Magnetic Field Induced Insulating Phases at Large $r_s$

TL;DR

This study investigates the complex insulating phases in a low-density two-dimensional hole system under magnetic fields, revealing non-monotonic phase transitions and a shifting quantum Hall state as density varies.

Contribution

It uncovers a rich phase diagram with non-monotonic insulating phase behavior and a transition of the quantum Hall state at low densities, expanding understanding of strongly correlated 2D systems.

Findings

Reentrant insulating phase initially strengthens then weakens with decreasing density.

At lowest densities, the quantum Hall state shifts from ν=1/3 to ν=1.

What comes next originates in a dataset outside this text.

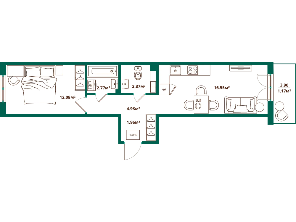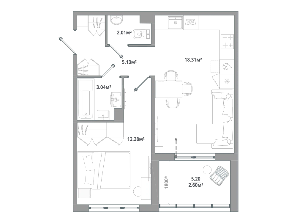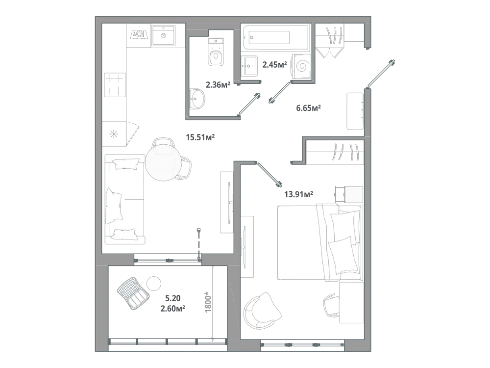 1-комнатная 43.91 м2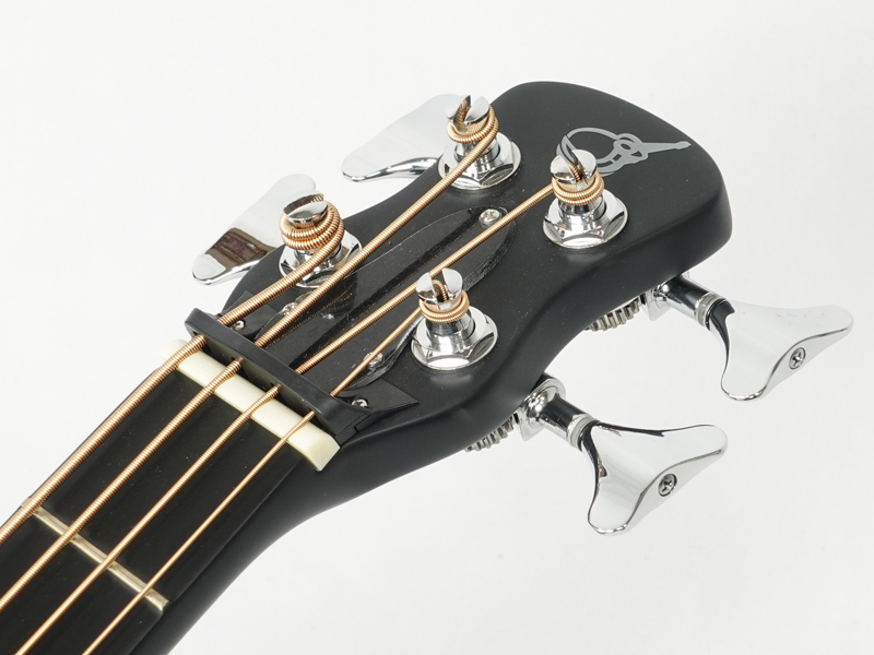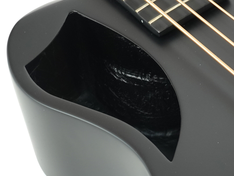 ミニギターに近い小振りで取り回しの良いサイズ感ながら、人間工学に基づいてデザインされた胴厚をアシンメトリーにしたボディによって長時間の演奏にも疲れにくく、サウンドもフルサイズのように豊かに鳴ってくれます。少し本格的なご自宅用のミニベースとしても非常にお薦めです。独特の無機質なサウンドながらボディ鳴りはしっかりしており本物の木材に負けず劣らずの音質です。

The phase behavior can be explained by a non-monotonic melting line in phase space.

Abstract

Exploring a backgated low density two-dimensional hole sample in the large $r_s$ regime we found a surprisingly rich phase diagram. At the highest densities, beside the $\nu=1/3$, 2/3, and 2/5 fractional quantum Hall states, we observe both of the previously reported high field insulating and reentrant insulating phases. As the density is lowered, the reentrant insulating phase initially strengthens, then it unexpectedly starts weakening until it completely dissapears. At the lowest densities the terminal quantum Hall state moves from $\nu=1/3$ to $\nu=1$. The intricate behavior of the insulating phases can be explained by a non-monotonic melting line in the $\nu$-$r_s$ phase space.